### Work item
With the exception of the pictures, write out the data below precisely.

### Data
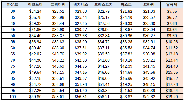 기존 배송비 변경 및 유류세가 따로 분리가 되었습니다.
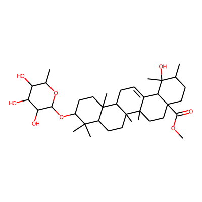 COC(=O)C12CCC(C)C(C)(O)C1C1=CCC3C4(C)CCC(O)C(C)(C)C4CCC3(C)C1(C)CC2| HBA: | 4 | RingCount: | 5 |
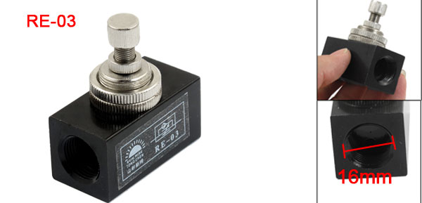 Product Name Flow Control Valve Model RE-03 Flow Direction One-Way Restrictive Valve Working Medium Air Joint Pipe Bore Size G3/8" Female Thread Dia 16mm/ 0.6" Working Pressure 0~0.95MPa Working Temperature 0~60 C Installing Thread Diameter 18mm/ 0.71" Suitable Board(Max) 4mm/ 0.16"(Adjustable) Body Size 50 x 25 x 25mm/ 1.97" x 0.98" x 0.98"(L*W*H) Overall Size 50 x 25 x 54mm/ 1.97" x 0.98" x 2.13"(L*W*H) Material Metal Main Color Black Net Weight 126g Package Content 1 x Flow Control Valve - Reviews

### Reply to the task
 기존 배송비 변경 및 유류세가 따로 분리가 되었습니다.
 COC(=O)C12CCC(C)C(C)(O)C1C1=CCC3C4(C)CCC(O)C(C)(C)C4CCC3(C)C1(C)CC2| HBA: | 4 | RingCount: | 5 |
 Product Name Flow Control Valve Model RE-03 Flow Direction One-Way Restrictive Valve Working Medium Air Joint Pipe Bore Size G3/8" Female Thread Dia 16mm/ 0.6" Working Pressure 0~0.95MPa Working Temperature 0~60 C Installing Thread Diameter 18mm/ 0.71" Suitable Board(Max) 4mm/ 0.16"(Adjustable) Body Size 50 x 25 x 25mm/ 1.97" x 0.98" x 0.98"(L*W*H) Overall Size 50 x 25 x 54mm/ 1.97" x 0.98" x 2.13"(L*W*H) Material Metal Main Color Black Net Weight 126g Package Content 1 x Flow Control Valve - Reviews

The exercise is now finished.